В.В. Крылов, сначала не понимавший, почему его начальство с большим подозрением смотрит на его попытки развивать именно марксизм применительно к научно-технической революции и ещё более подозрительно – на его дружбу с литераторами из патриотического лагеря, к которым он был близок идейно.
Если брать только советские реалии, то направления ударов статьи Яковлева указывают на многое: и на кризисные явления в обществе на рубеже 1960-1970-х гг., и на начало формирования альтернативных властно-идейных проектов в элите (в политологическом смысле этого слова), и на то, что номенклатура уловила это и отреагировала, продемонстрировав свои установки, фобии и уязвимые места во властно-идейном панцире.
Более того, хотя статья Яковлева 1972 г. написана с марксистских (пусть вульгарных, догматических, но формально с марксистских) позиций, а его словоизлияния перестроечных времён носят либеральный характер, между ними, несмотря на внешние идеологические различия, прочерчивается пусть и пунктирная, но вполне логичная линия, причём оканчивающаяся не в июне 1988 (XIX партконференция), а 17 августа 1998 г.
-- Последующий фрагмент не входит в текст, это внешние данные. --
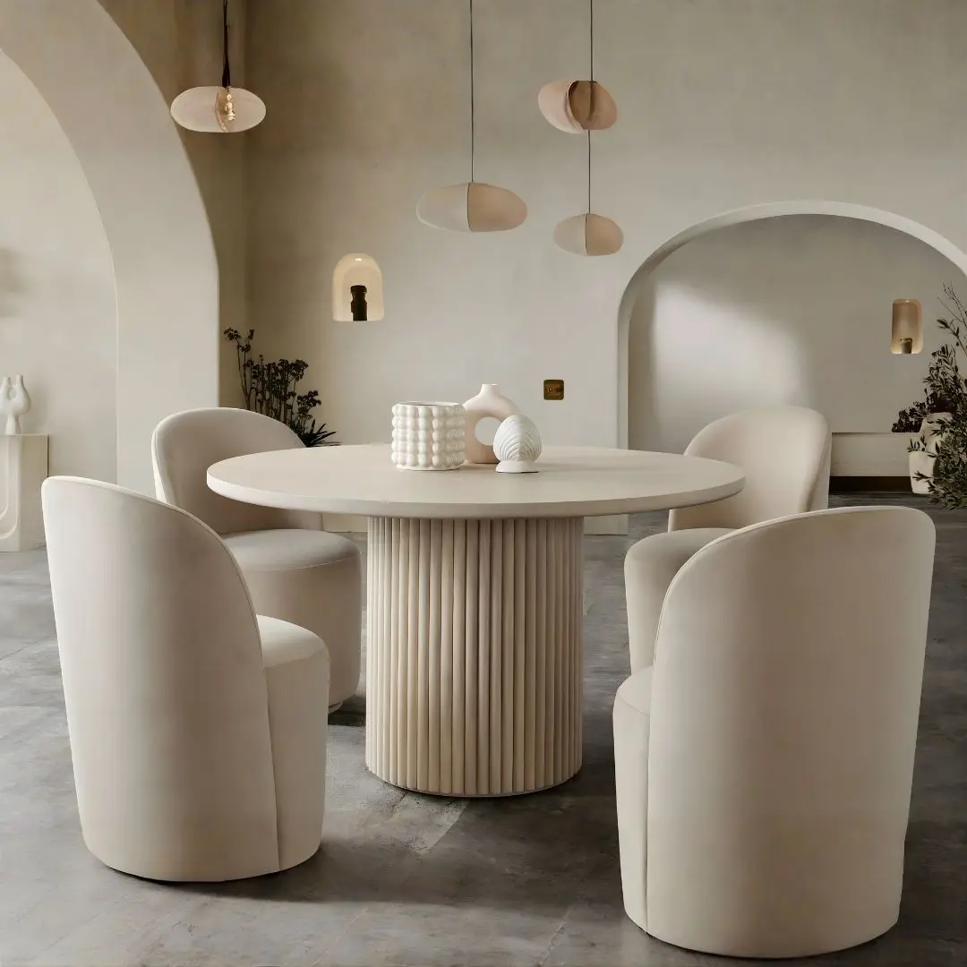 What truly sets this round pedestal dining table apart is its striking fluted pedestal base. Carefully carved vertical grooves add depth and visual movement, transforming the base into a statement design element.

По прошествии четырёх с половиной десятков лет статья, на мой взгляд, не только не перестала быть интересной, но, с учётом того, что произошло в 1980-е, в 1991 г. и после, приобрела ещё большую актуальность. Повторю: статью Яковлева воспринимали по-разному: и как донос, и как указивку, и как «последнее предупреждение». По-своему отчасти верны все эти интерпретации. Я же воспринимаю её как один из текстов, с помощью которых социальная история советской системы и её господствующих групп, тем более вползавших в кризис, «даёт себя прочитать» (М. Фуко). Это – во-первых.
Во-вторых, в этой статье содержится нечто важное для понимания подготовки так называемой «перестройки» определёнными кругами в СССР и на Западе, самой перестройки и того, что за ней последовало. В-третьих, кое-что из написанного Яковлевым, точнее, то, что в его статье отражает ситуацию номенклатуры на рубеже 1960-1970-х годов, связано не только с природой советского общества и его историей, но и с русской историей, спецификой России, отношения этой власти – русской же – к русскому народу, особенностями марксизма как идеологии и политической стратегии, а также с диалектикой положения крестьянства и интеллектуалов в социальных системах.
Парадоксальным образом Яковлев с его статьёй оказался «устройством», посредством которого всё это выразилось, перефразируя определение Львом Толстым жанровой принадлежности «Войны и мира», в той форме, в какой это выразилось; причём многое выразилось независимо от Яковлева и того, что он хотел сказать, ради чего писал статью. Когда-то Герцен сказал о себе, об Огарёве и таких, как они: «Мы не доктора, мы боль». Моё отношение к Яковлеву не позволяет мне ни соотнести его с Герценом (при всём моём в целом негативном отношении к человеку, который во время Крымской войны писал, что хочет жить в английском городе Одесса» – так и хочется спросить: ну что, сынку, помогли тебе твои бритты с Ротшильдами?), ни использовать эту фразу для характеристики позиции Яковлева (какая у карьериста и отступника боль?). Верно, однако, то, что через Яковлева и его статью выплеснулись фобии номенклатуры и – сквозь них – фантомные боли русской власти: Крот Истории роет медленно.